(Records for the exercise Opens)
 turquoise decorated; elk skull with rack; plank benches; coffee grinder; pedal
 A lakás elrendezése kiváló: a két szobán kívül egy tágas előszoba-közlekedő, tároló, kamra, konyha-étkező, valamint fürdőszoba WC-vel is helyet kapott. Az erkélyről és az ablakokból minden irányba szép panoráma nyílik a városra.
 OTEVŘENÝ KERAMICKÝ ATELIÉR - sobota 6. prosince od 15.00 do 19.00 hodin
(Records for the exercise Closes)
(Records for the exercise Opens)
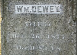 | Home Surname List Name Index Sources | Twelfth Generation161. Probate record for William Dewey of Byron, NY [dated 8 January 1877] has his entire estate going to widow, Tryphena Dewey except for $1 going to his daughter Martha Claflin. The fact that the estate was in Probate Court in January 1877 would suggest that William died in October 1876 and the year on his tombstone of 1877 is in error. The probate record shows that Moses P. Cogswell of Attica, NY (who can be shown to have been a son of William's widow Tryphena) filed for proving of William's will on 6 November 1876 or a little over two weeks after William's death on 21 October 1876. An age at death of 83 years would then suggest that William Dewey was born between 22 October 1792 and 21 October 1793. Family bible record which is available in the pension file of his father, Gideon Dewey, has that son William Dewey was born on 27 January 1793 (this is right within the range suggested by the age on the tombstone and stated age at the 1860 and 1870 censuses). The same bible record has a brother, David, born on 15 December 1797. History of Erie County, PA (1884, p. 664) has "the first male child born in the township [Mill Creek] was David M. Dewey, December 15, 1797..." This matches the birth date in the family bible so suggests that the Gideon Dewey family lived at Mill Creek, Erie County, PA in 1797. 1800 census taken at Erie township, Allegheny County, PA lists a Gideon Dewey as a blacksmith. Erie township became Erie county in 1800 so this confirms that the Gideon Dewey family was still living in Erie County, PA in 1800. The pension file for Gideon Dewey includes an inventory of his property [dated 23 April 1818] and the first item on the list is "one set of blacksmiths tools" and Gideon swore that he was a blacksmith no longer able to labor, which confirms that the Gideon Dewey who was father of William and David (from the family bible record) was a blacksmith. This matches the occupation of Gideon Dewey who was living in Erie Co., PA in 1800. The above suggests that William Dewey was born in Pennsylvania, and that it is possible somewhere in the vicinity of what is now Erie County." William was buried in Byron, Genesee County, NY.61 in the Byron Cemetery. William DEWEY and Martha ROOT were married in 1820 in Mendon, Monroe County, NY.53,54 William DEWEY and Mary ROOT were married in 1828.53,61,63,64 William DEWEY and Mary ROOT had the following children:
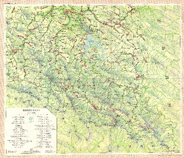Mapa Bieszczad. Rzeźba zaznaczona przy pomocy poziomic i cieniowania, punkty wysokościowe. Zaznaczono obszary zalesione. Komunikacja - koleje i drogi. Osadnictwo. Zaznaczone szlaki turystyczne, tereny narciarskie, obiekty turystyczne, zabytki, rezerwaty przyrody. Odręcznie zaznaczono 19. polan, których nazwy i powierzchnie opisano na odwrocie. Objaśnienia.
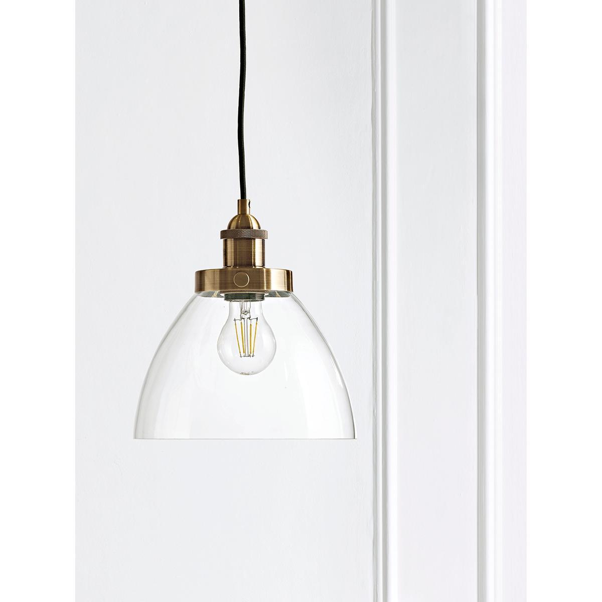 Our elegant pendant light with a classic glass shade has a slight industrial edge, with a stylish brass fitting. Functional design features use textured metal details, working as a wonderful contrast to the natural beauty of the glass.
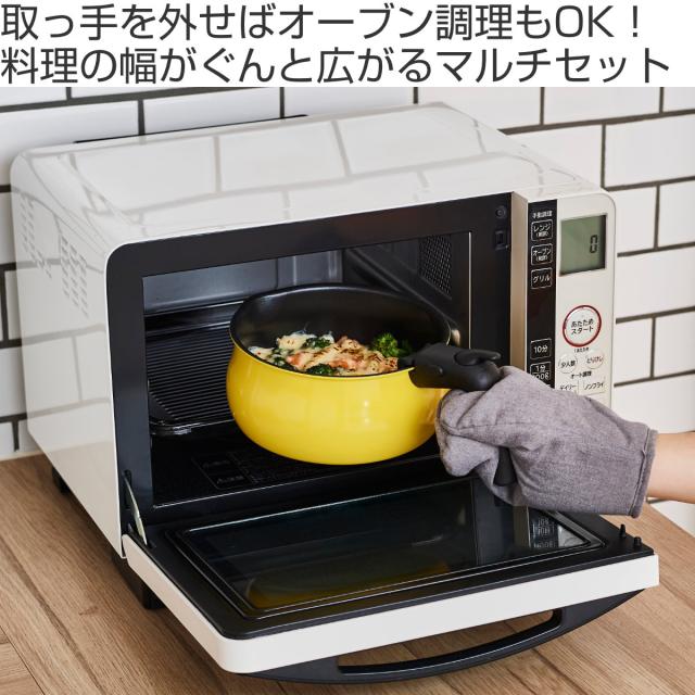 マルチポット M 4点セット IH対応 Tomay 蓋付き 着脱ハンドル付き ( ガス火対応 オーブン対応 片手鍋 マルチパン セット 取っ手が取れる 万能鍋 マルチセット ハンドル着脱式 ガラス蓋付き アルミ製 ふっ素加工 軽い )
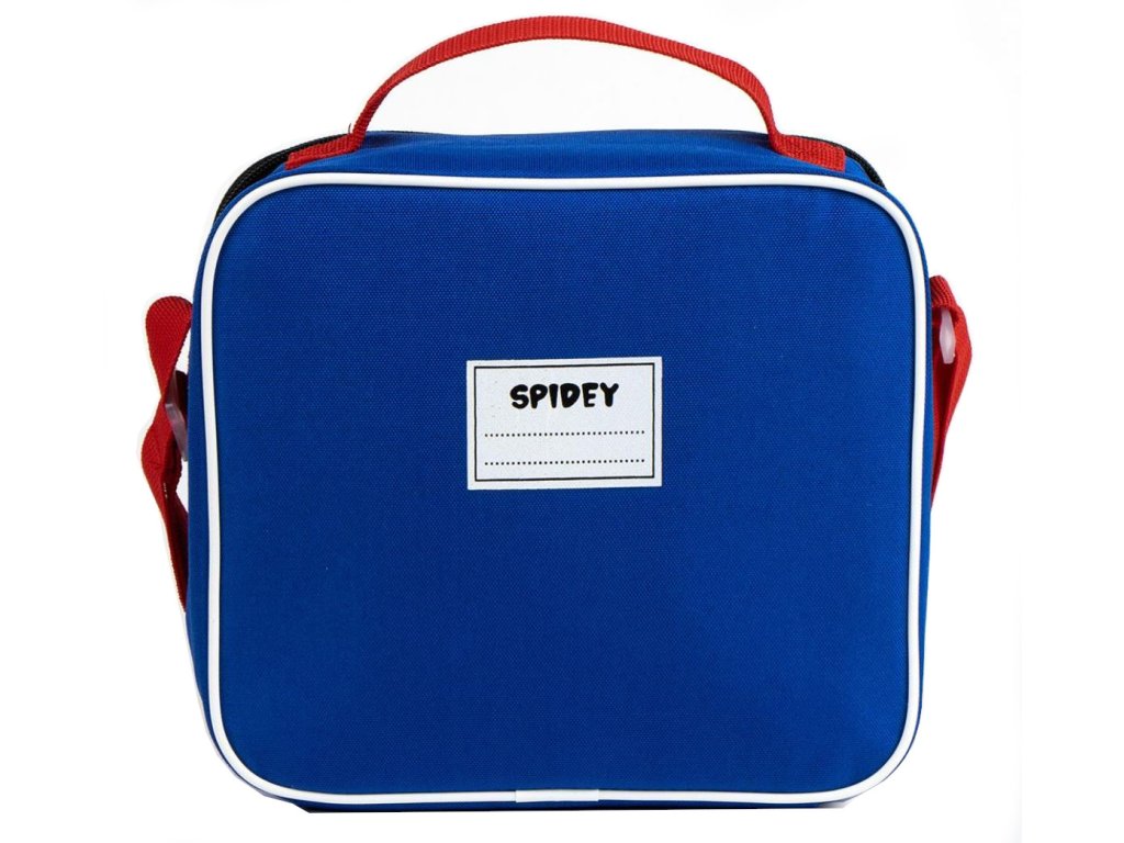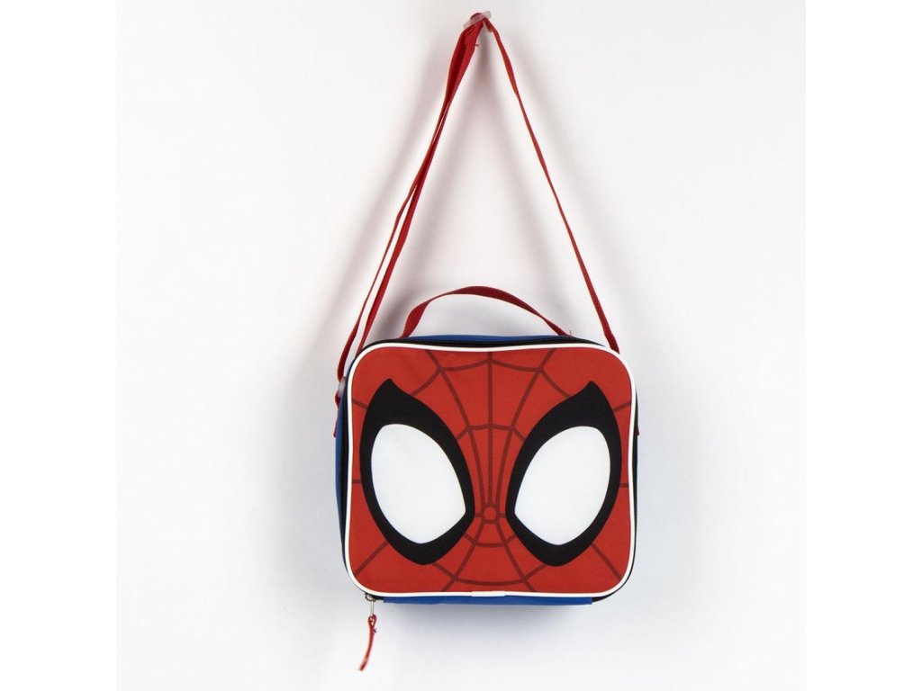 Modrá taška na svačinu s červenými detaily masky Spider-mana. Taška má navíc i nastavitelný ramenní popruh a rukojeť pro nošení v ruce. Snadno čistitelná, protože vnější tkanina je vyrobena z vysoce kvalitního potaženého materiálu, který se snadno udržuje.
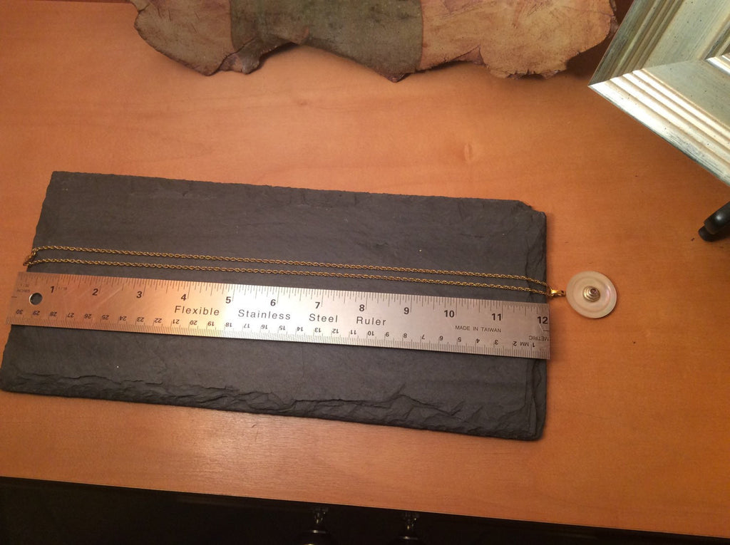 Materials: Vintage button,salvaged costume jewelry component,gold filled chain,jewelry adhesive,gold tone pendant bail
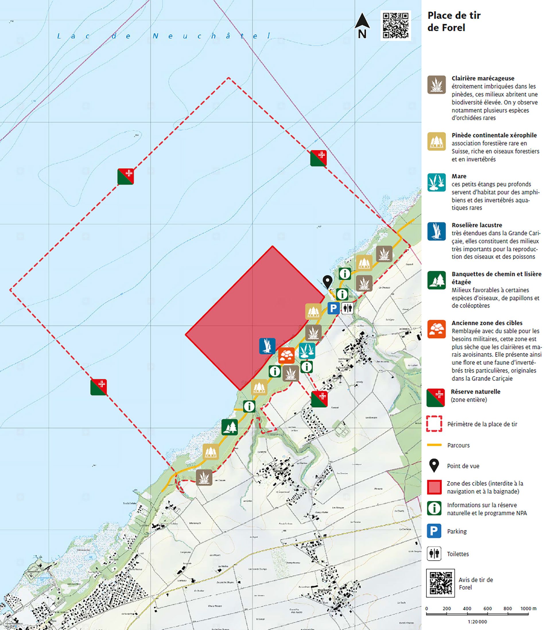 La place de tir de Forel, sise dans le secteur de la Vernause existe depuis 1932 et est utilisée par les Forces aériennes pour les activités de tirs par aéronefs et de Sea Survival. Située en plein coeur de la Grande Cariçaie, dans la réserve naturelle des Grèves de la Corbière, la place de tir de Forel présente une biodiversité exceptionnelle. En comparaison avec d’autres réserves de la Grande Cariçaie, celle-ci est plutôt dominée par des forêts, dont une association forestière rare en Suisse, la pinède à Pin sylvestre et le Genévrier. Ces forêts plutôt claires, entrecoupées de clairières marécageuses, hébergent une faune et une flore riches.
(Records for the exercise Closes)
(Records for the exercise Opens)
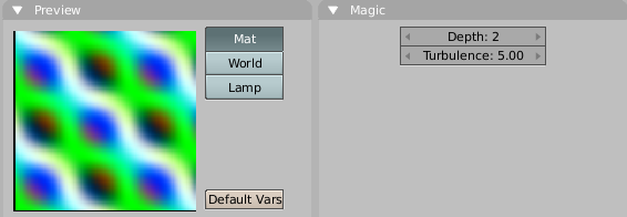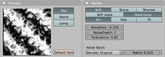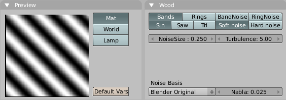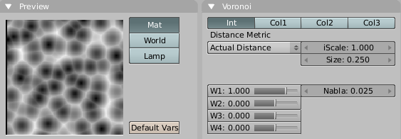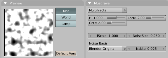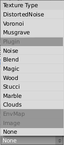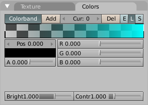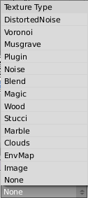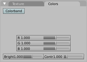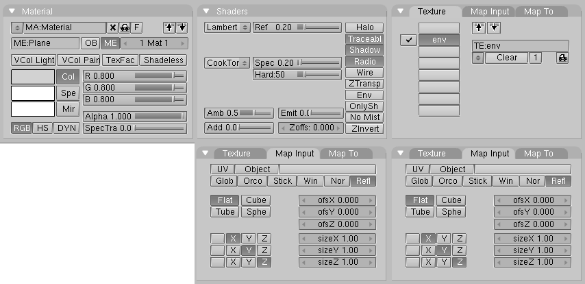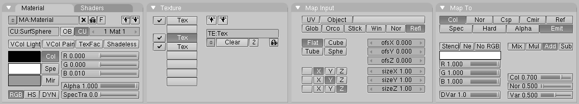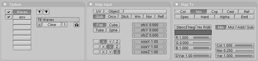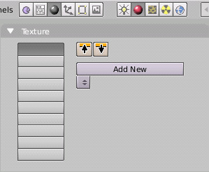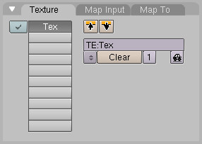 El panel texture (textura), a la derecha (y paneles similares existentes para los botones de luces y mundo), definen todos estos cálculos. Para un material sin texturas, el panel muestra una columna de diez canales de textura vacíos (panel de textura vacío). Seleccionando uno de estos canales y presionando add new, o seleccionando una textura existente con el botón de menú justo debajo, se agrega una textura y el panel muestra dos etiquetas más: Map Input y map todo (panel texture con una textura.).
(Records for the exercise Closes)
**Exercise details**.
Having found the line with "Modrá taška na" and the line with "Materials: Vintage button,salvaged" in the material above, write out exactly those two and every line between, leaving the pictures out.

**Solution to the exercise**.
 Modrá taška na svačinu s červenými detaily masky Spider-mana. Taška má navíc i nastavitelný ramenní popruh a rukojeť pro nošení v ruce. Snadno čistitelná, protože vnější tkanina je vyrobena z vysoce kvalitního potaženého materiálu, který se snadno udržuje.
 Materials: Vintage button,salvaged costume jewelry component,gold filled chain,jewelry adhesive,gold tone pendant bail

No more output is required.